### Work item
What are the lines below, starting at the line containing "baldachim na miejscu." and ending at the line containing "PETTY AJ, LI"? Write them out exactly, ends included, without pictures.

### Records to process

----------------

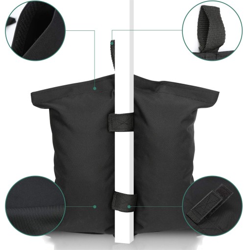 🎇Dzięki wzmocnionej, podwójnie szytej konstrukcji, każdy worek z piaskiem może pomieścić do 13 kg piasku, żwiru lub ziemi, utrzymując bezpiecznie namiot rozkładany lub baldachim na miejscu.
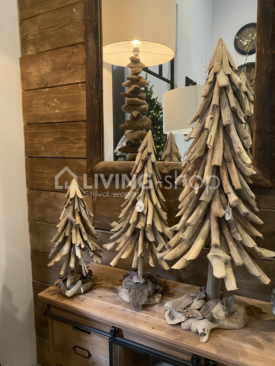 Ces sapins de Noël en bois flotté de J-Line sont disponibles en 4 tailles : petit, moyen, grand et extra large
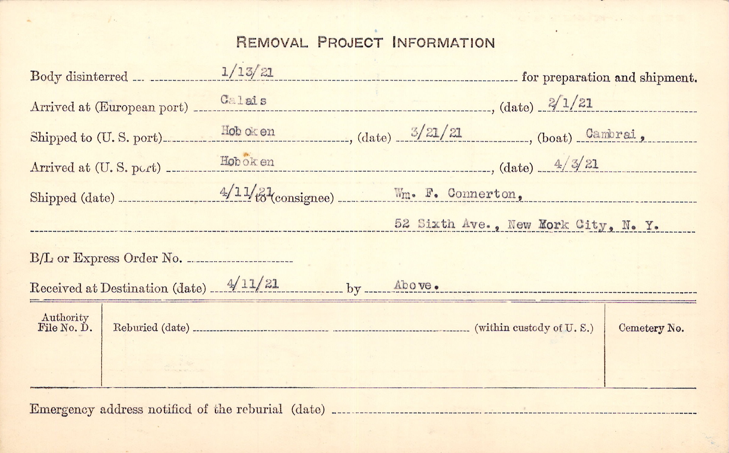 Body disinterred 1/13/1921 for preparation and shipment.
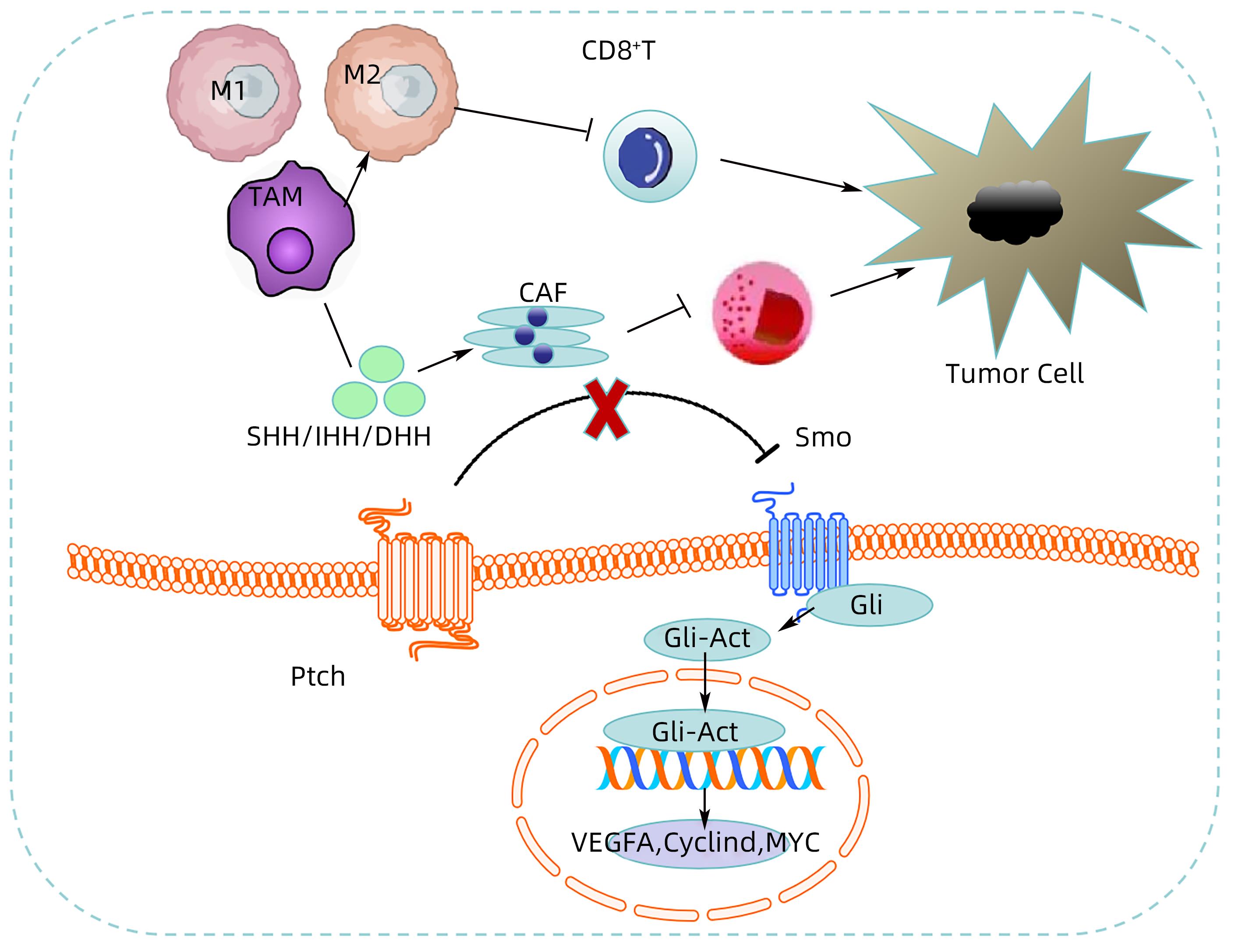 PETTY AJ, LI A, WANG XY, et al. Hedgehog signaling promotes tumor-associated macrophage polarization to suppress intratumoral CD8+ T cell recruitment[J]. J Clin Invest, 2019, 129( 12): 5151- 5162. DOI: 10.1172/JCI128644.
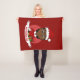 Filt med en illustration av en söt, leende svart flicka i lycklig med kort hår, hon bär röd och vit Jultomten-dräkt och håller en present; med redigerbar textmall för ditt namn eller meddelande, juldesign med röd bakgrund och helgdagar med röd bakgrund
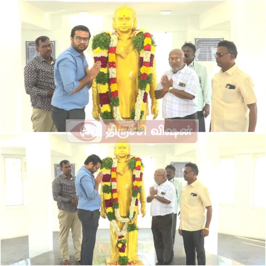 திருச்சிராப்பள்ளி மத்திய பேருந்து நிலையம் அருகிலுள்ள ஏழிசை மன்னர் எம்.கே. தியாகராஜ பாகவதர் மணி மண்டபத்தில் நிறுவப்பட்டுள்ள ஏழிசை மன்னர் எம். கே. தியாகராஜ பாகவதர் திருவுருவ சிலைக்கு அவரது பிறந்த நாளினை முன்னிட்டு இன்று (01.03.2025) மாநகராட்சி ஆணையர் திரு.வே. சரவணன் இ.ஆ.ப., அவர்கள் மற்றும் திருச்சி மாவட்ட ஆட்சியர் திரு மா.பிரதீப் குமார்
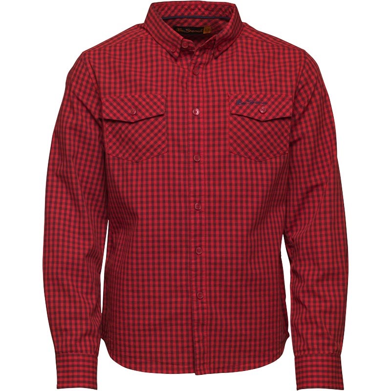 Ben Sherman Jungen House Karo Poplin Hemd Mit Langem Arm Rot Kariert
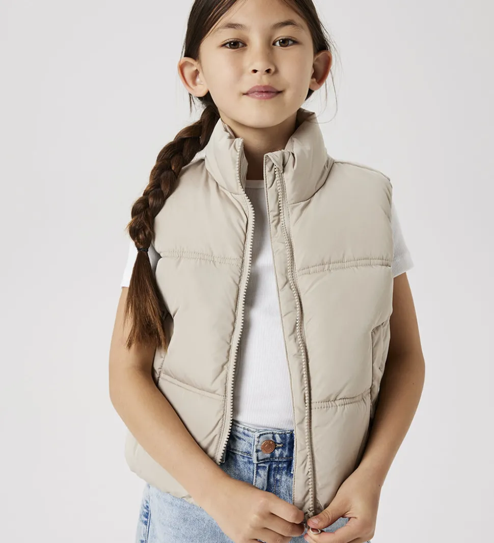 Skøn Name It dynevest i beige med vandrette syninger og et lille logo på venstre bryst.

----------------

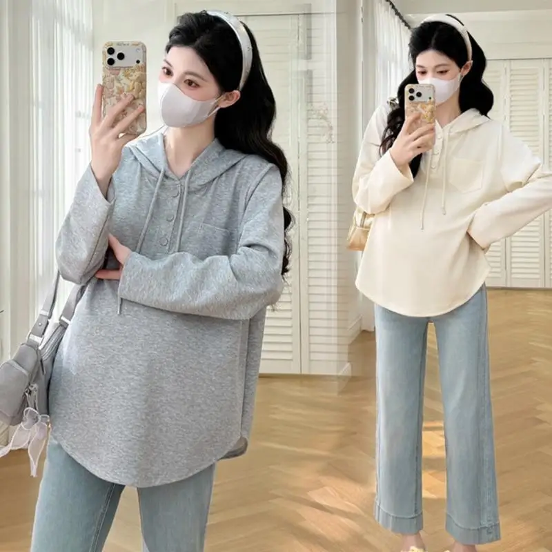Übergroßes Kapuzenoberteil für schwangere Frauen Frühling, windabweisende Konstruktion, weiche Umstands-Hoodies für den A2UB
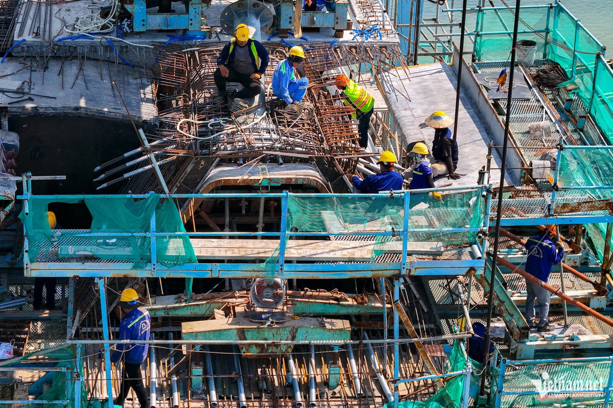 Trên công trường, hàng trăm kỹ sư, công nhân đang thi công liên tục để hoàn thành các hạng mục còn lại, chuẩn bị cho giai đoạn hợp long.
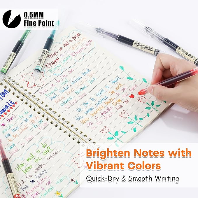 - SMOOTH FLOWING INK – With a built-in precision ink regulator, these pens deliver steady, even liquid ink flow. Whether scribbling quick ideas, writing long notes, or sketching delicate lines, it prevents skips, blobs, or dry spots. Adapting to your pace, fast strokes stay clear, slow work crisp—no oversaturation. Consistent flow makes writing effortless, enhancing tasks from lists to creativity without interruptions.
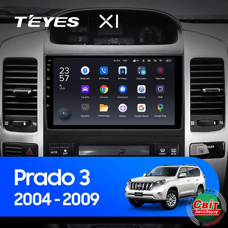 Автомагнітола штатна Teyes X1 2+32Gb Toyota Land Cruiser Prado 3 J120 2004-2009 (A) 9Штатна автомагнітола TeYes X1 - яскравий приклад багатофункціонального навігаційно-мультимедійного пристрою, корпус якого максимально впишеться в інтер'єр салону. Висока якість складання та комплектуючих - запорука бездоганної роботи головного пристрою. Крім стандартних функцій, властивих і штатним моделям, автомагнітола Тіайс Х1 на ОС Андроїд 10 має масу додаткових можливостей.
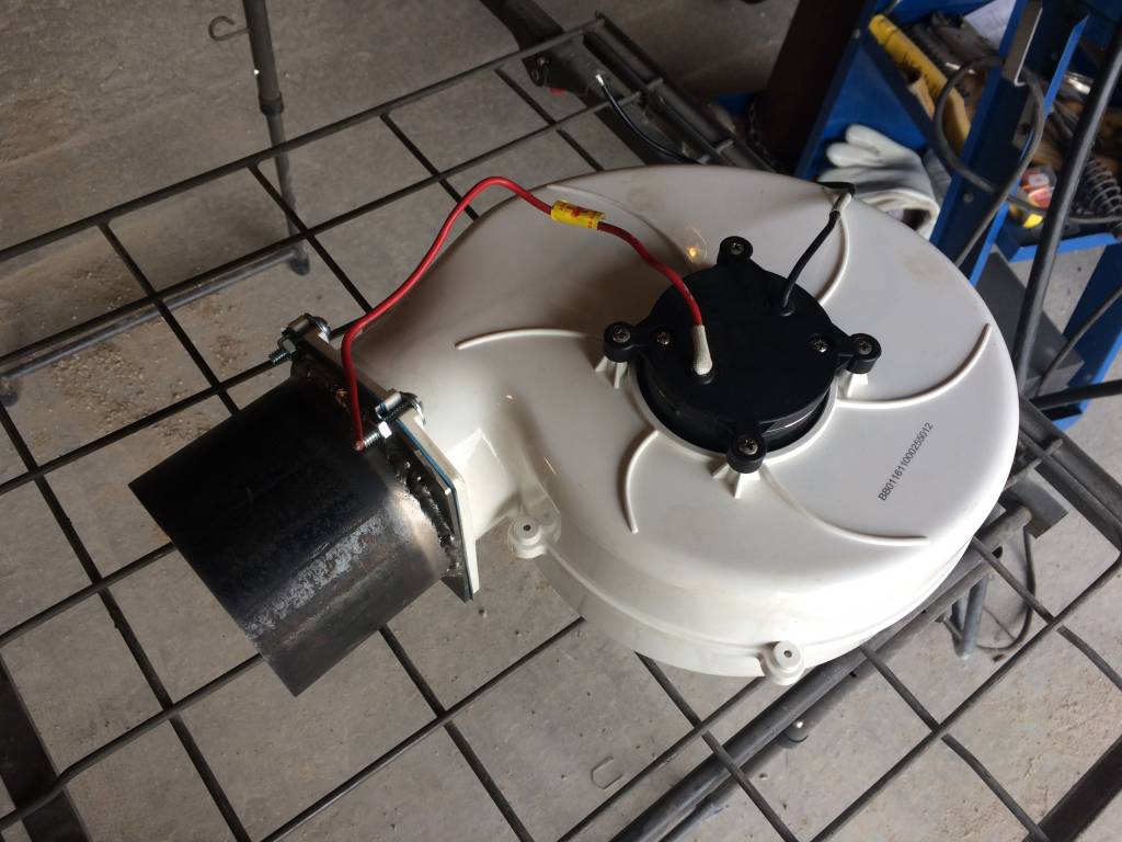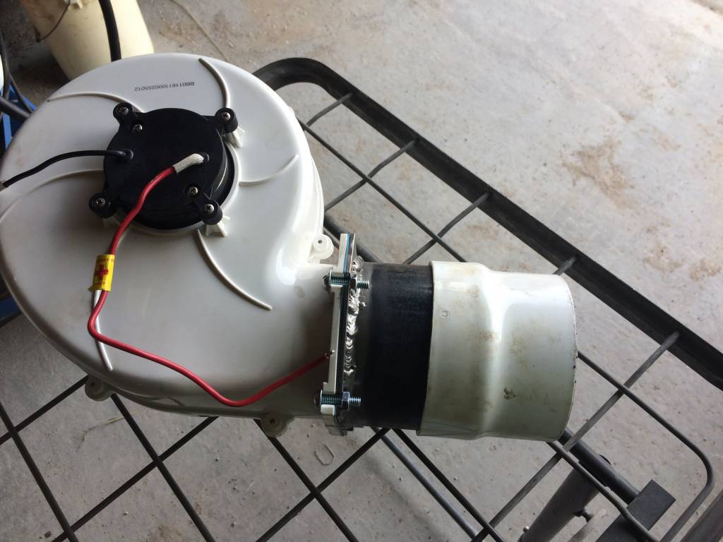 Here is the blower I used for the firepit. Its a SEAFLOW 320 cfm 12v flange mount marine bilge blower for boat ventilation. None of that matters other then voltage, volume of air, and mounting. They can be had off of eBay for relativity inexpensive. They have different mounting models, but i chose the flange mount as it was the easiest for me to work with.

----------------

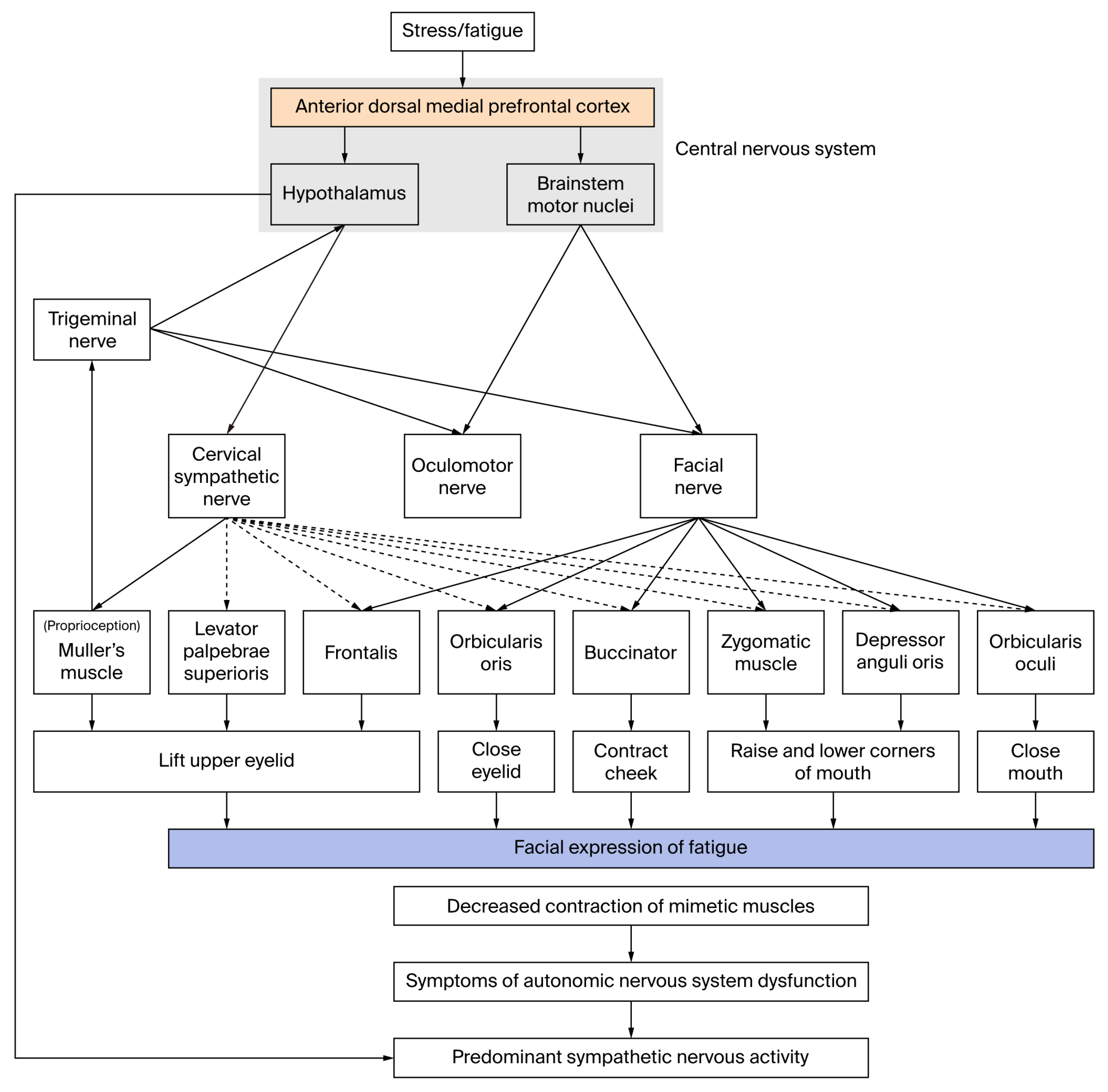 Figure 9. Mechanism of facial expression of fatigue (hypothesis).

----------------

### Result for this exercise
 🎇Dzięki wzmocnionej, podwójnie szytej konstrukcji, każdy worek z piaskiem może pomieścić do 13 kg piasku, żwiru lub ziemi, utrzymując bezpiecznie namiot rozkładany lub baldachim na miejscu.
 Ces sapins de Noël en bois flotté de J-Line sont disponibles en 4 tailles : petit, moyen, grand et extra large
 Body disinterred 1/13/1921 for preparation and shipment.
 PETTY AJ, LI A, WANG XY, et al. Hedgehog signaling promotes tumor-associated macrophage polarization to suppress intratumoral CD8+ T cell recruitment[J]. J Clin Invest, 2019, 129( 12): 5151- 5162. DOI: 10.1172/JCI128644.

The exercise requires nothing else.